Василий Дмитриевич Шахматов оказался крепким круглолицым стариком с нависшими белесыми бровями и острым взглядом. Встретил он меня настороженно.
- И что же вас интересует, молодой человек? - строго спросил он, разглядывая меня поверх очков.
Но чаю предложил, и постепенно мы разговорились. Он заметно смягчился и чем-то стал напоминать доброго говорящего бобра из мультфильма.
- Попробую подыскать, пей пока чай-то. - Василий Дмитриевич в знак своего расположения перешел на "ты".
Неторопливо поднявшись, он покинул кухню. Через несколько минут вернулся и выложил передо мной три пухлых черных конверта из-под фотобумаги. На каждом белела квадратная наклейка с аккуратными надписями: "апрель 1945", "май 1945", "июнь 1945". Я осторожно извлек из майского конверта пачку фотографий и начал раскладывать на столе. Верхний снимок явно не сорок пятого года, выцветший и пожелтевший, с полустершейся карандашной надписью на обороте - я, решив, что он оказался в пачке случайно, не глядя, отодвинул к Василию Дмитриевичу.
- Ты не двигай, это не ошибка, в той пачке ему и место. - Он бережно взял снимок за края и поправил очки. - У меня своя система. Хотя действительно сделан он намного раньше - в сорок первом году. Но я специально держу его здесь: с ним связана одна история. А произошла она именно в сорок пятом... - Он посмотрел на меня долгим, внимательным взглядом, словно прикидывая, стоит ли продолжать дальше.
- Расскажите, Василий Дмитриевич, - попросил я.
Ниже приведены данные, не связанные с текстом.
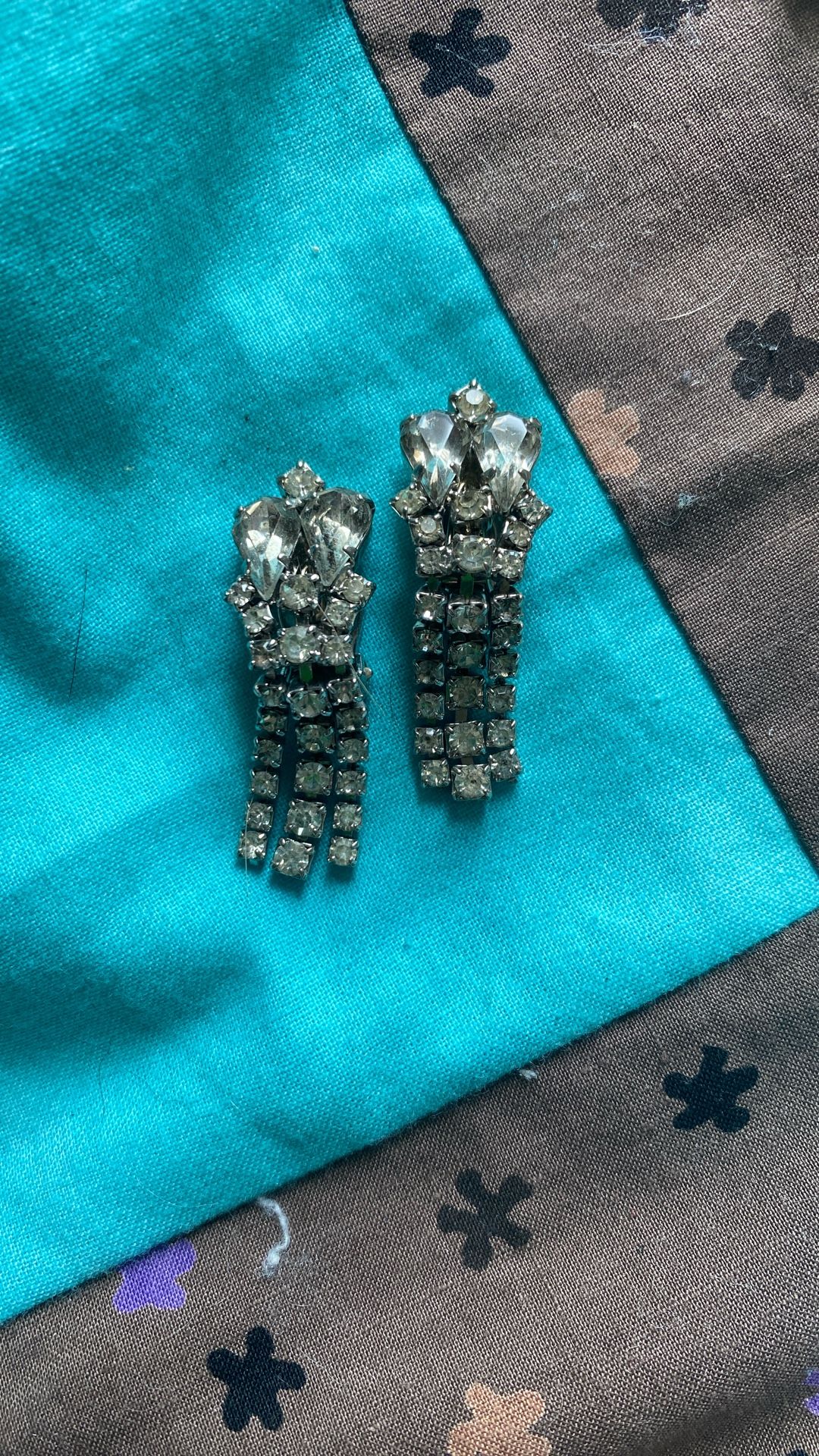 Clear rhinestones in silver tone vintage clip on earrings. Excellent condition. Serious inquiries only please. Pick up only off S. 56th and Yakima.
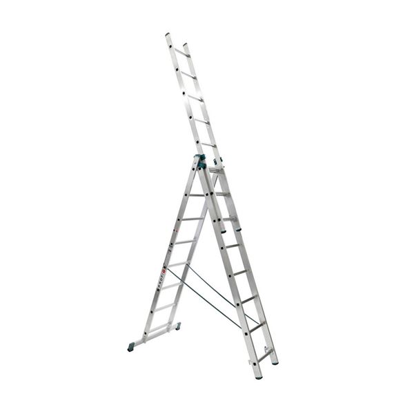 Trojdielny hliníkový univerzálny rebrík EUROSTYL, počet priečok 3 x 8, max. výsuvná dĺžka 5,13 m a šírka 454 mm.

- Ладно, расскажу, а потом уж ты его посмотришь. Летом сорок пятого, не спеша начал Василий Дмитриевич, - наткнулся я на эту фотографию в редакционном архиве. Снимок-то сделан мастерски, и выглядел он тогда свежим и ярким. Представляешь картину Поленова "Московский дворик"? Ничем не хуже. Иногда черно-белые снимки выразительнее цветных, как графика. Все в нем было: необыкновенная воздушность, глубина, просветленность какая-то просто за душу брало. И духом веяло уютным, российским. Но главное не это. Главное - на фоне этого двора стоит молоденькая женщина с годовалым ребенком на руках, а ноги се облепили ещё два малыша, двух и трех лет, погодки. Рядом - матрос, в бескозырке и в каких-то диких клешах. Молодой крепкий парень, но взгляд у него растерянный, мне даже показалось обреченный. А она - смотрит с надеждой, ну так смотрит, будто молится. Щемящее впечатление производила эта картина, все в ней было: и материнство, и любовь, и дети малые, и надежда, и мольба, и покорность судьбе. Мадонна, настоящая мадонна. "Чистейшей прелести чистейший образец".
По снимку нетрудно было догадаться, что фотограф снял их перед расставанием, перед уходом этого матроса на фронт. Но он так и остался почему-то не опубликованным. На обороте химическим карандашом - были тогда такие карандаши - написан адрес и дата: август 1941.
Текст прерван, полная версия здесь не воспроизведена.